The Core Question
Are two categorical variables related, or independent?
- Independent = knowing one variable tells you nothing about the other
- Related = knowing one helps predict the other
Chi-Square Test (χ²)
Key Idea
Compare what you OBSERVE vs what you’d EXPECT if there were no relationship.
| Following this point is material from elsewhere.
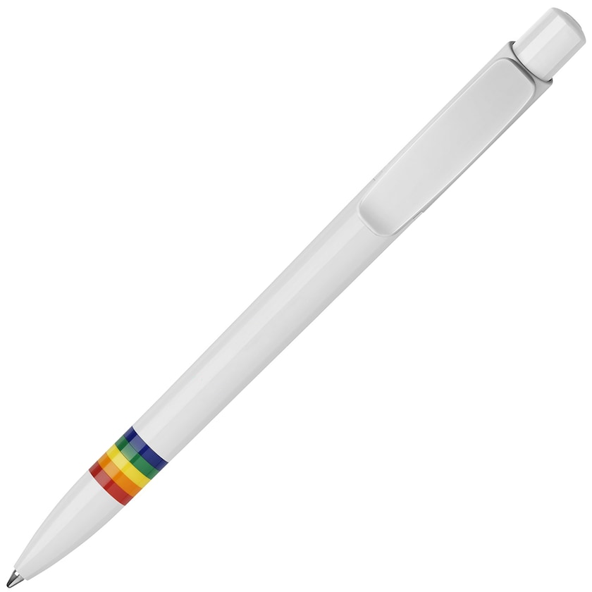 Werbekugelschreiber mit regenbogenfarbenem Detail an der Spitze. Der Kugelschreiber wird in Italien hergestellt und ist von höchster Qualität. Der Druck wird auf den Stiftkörper ausgeübt.

Bigger difference = more evidence of a relationship.
Expected Count Formula
Expected = (Row Total × Column Total) / Grand Total
Chi-Square Statistic
χ² = Σ (Observed - Expected)² / Expected
Sum this over every cell in the table.
Degrees of Freedom
df = (rows - 1) × (columns - 1)
Interpretation
- Small p-value (< 0.05) → reject independence → variables ARE related
- Large p-value (≥ 0.05) → no evidence of a relationship
⚠️ Key Assumption
All expected counts must be ≥ 5. If any are < 5, use Fisher’s Exact Test instead.
Python
from scipy.stats import chi2_contingency
observed = [[60, 20, 20],
[30, 40, 30]]
chi2, p_value, df, expected = chi2_contingency(observed)
print(f"χ² = {chi2:.2f}, p = {p_value:.4f}, df = {df}")
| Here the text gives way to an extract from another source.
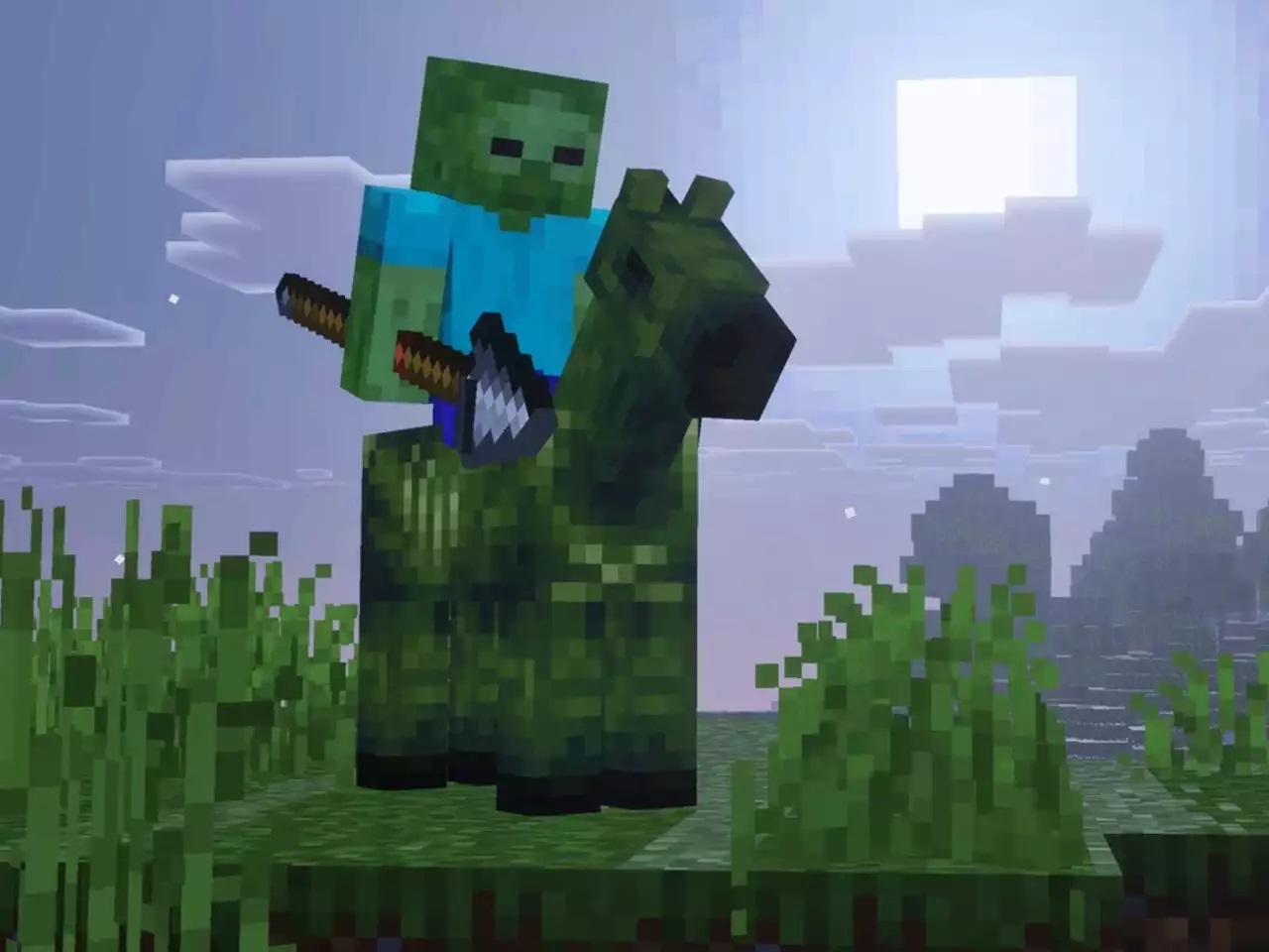 Кроме наутилуса, наконец-то появятся и зомби-лошади в режиме выживания. В творческом режиме их можно призывать с 2013 года, но в игру они так и не попадали. Теперь их можно будет встретить в саваннах и равнинах. Как и обычные лошади, сами по себе они пассивные, но вот всадники, которые будут на них появляться, — нет. Если убить всадника, лошадь можно приручить. Однако, как и обычные зомби, такие лошади горят на солнце, поэтому использовать их получится только ночью.

print(f"Min expected count: {expected.min():.2f}")Fisher’s Exact Test
Key Idea
Used for 2×2 tables with small counts. Calculates the exact probability of seeing a table this extreme (or more), given fixed row/column totals.
Uses the hypergeometric distribution — no approximation needed.
When to Use
| Situation | Test |
|---|---|
| Any size table, all expected ≥ 5 | Chi-Square |
| 2×2 table, any expected < 5 | Fisher’s Exact |
| 2×2 table, want exact p-value | Fisher’s Exact |
| Larger than 2×2 | Chi-Square only |
Python
from scipy.stats import fisher_exact
table = [[7, 3],
[2, 8]]
odds_ratio, p_value = fisher_exact(table)
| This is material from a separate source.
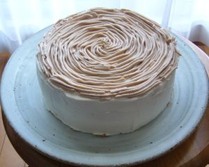 後は栗風味のホイップクリームを全体にナッペして、上にはマロンクリームをにょろにょろと円形に絞り出して完成。丸く絞ってはいるが、カットすると丁度横向きにマロンクリームが掛かっている状態となる。
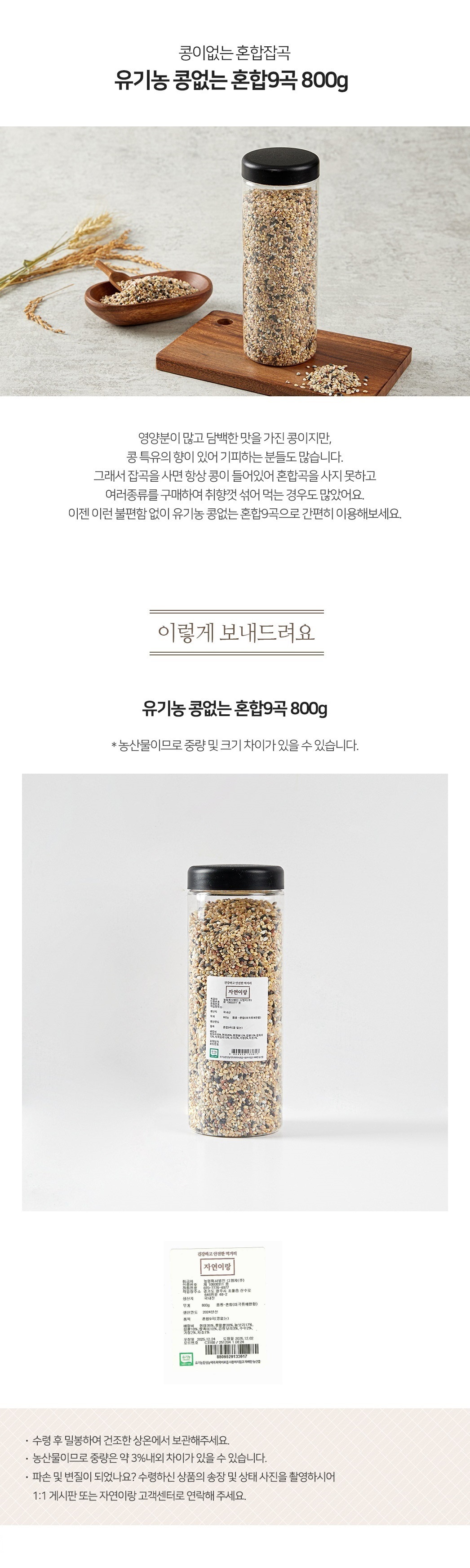 유기농 콩없는 혼합9곡 800g

print(f"Odds Ratio = {odds_ratio:.2f}, p = {p_value:.4f}")What to Report
Chi-Square:
“A chi-square test showed a significant association between age and ice cream preference (χ² = 18.66, df = 2, p < 0.001).”
Fisher’s Exact:
“Fisher’s exact test showed a significant association between drug treatment and side effects (p = 0.011, OR = 9.33).”